> Assignment: Would you copy exactly the lines in the data below from the one that has "Bitcoin plunged below" through the one that has "Large Vacuum Seal", dropping any pictures?

> Task inputs:
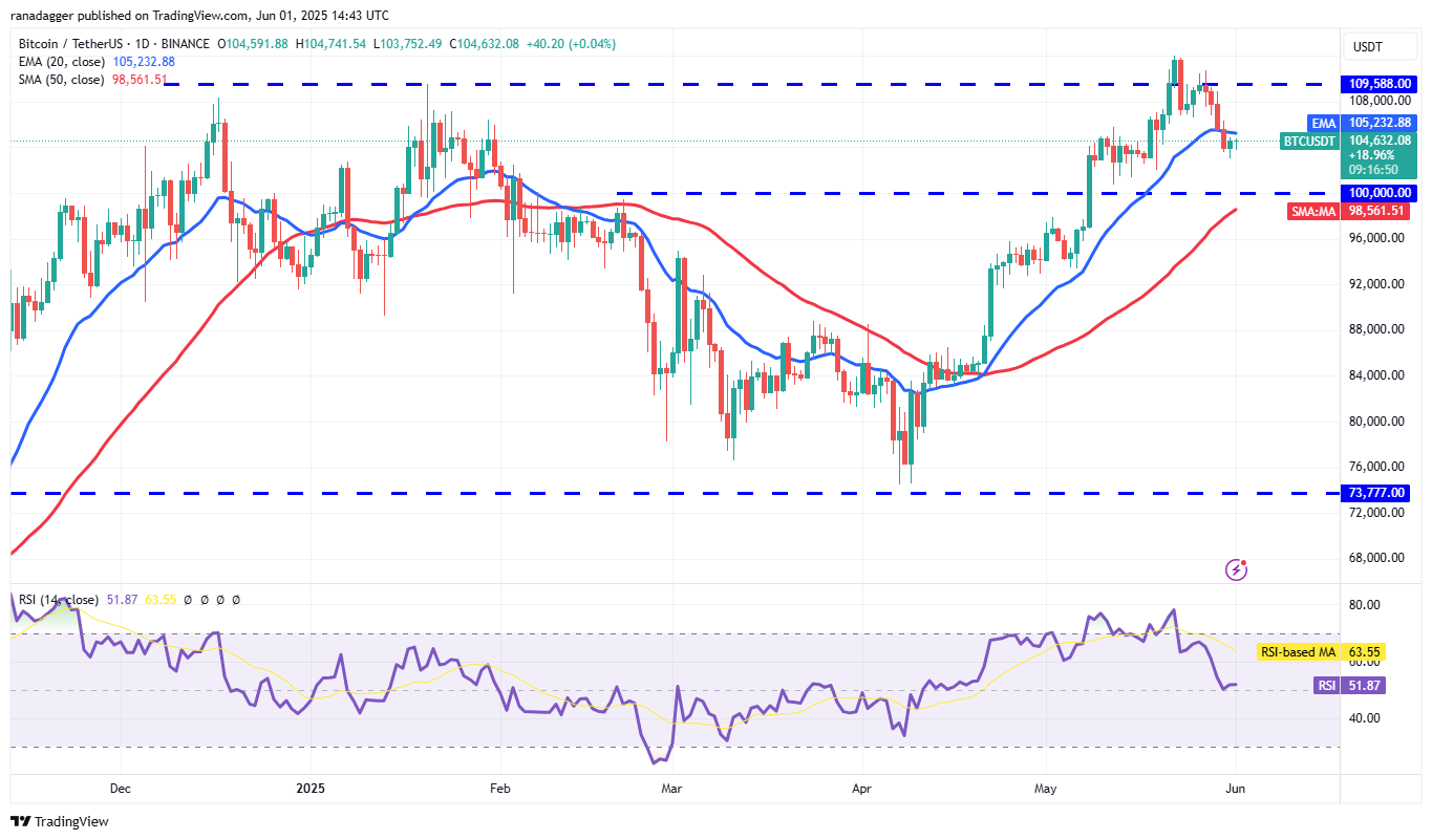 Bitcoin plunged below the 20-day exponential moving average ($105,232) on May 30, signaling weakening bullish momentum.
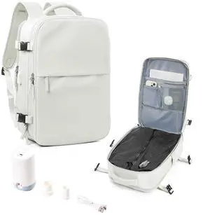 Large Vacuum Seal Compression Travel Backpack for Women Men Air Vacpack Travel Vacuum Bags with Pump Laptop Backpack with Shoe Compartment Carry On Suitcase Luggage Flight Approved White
--
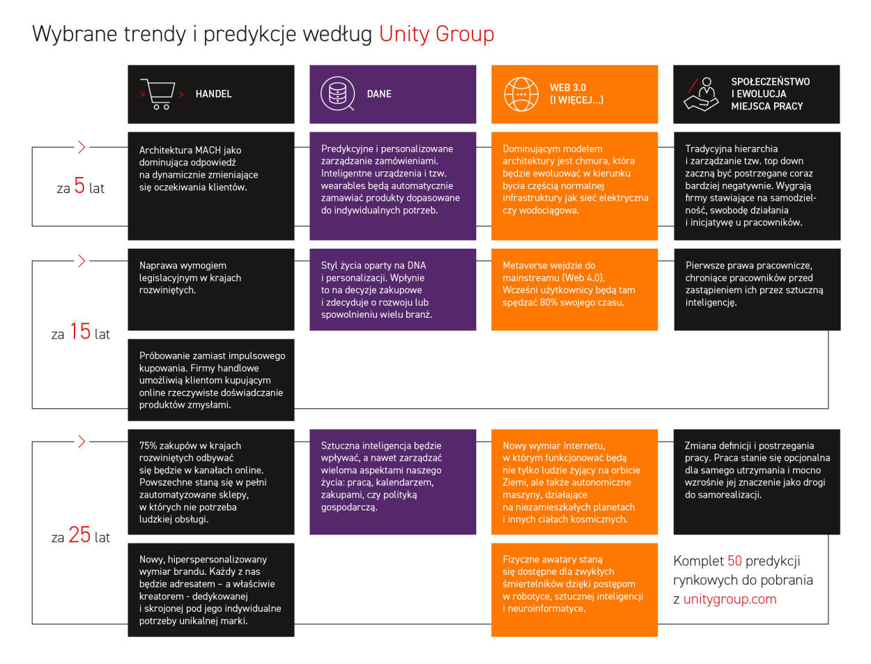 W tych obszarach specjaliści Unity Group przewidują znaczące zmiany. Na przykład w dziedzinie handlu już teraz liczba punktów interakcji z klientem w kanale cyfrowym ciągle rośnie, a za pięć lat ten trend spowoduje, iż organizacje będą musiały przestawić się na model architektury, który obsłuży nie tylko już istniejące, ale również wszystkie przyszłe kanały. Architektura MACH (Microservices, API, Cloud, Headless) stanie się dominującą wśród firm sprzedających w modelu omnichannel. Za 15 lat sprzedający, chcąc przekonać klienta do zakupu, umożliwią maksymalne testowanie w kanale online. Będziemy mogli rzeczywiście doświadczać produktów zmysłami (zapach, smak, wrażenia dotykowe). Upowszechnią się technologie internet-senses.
---
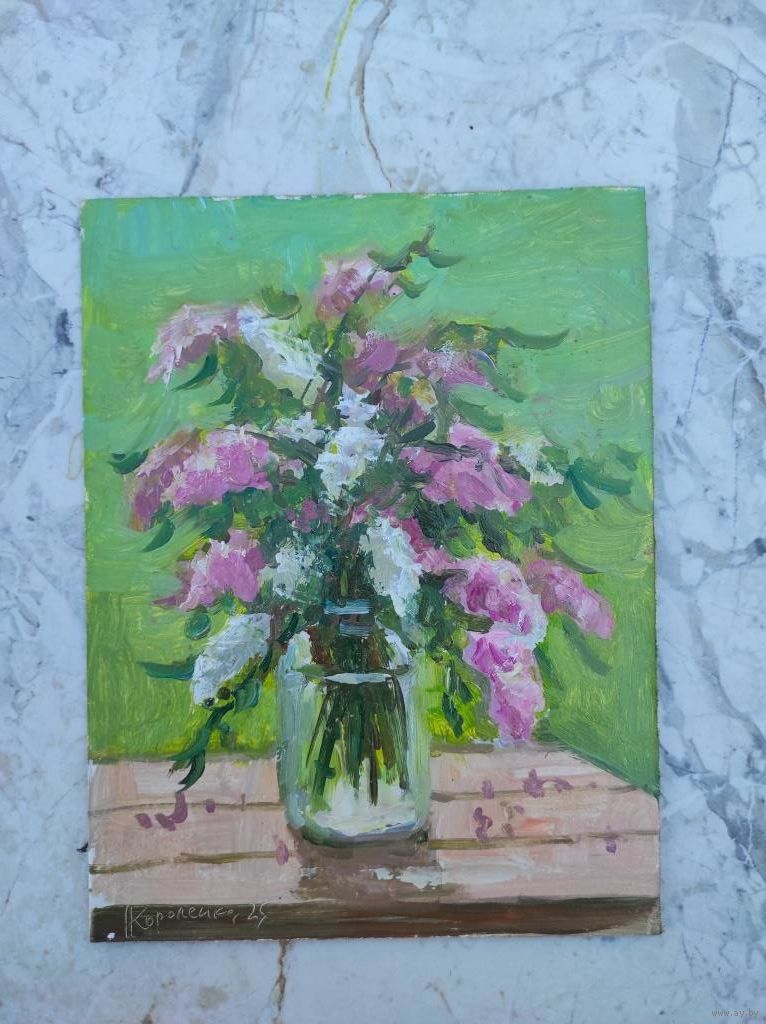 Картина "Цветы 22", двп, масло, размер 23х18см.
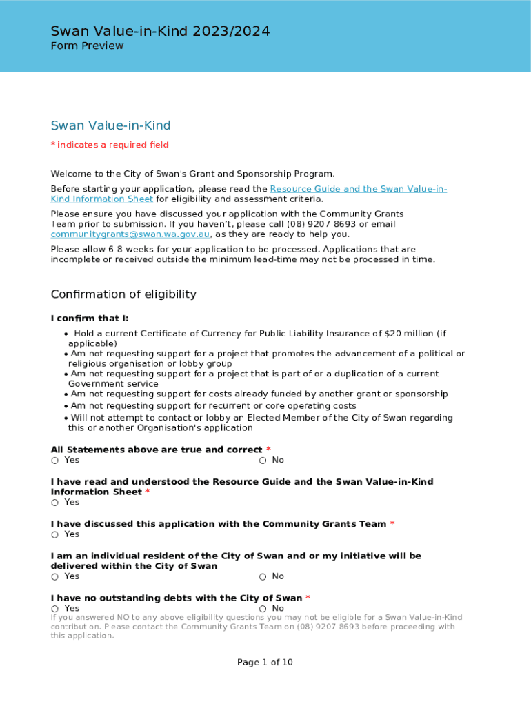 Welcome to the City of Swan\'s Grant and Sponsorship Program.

> Reply:
 Bitcoin plunged below the 20-day exponential moving average ($105,232) on May 30, signaling weakening bullish momentum.
 Large Vacuum Seal Compression Travel Backpack for Women Men Air Vacpack Travel Vacuum Bags with Pump Laptop Backpack with Shoe Compartment Carry On Suitcase Luggage Flight Approved White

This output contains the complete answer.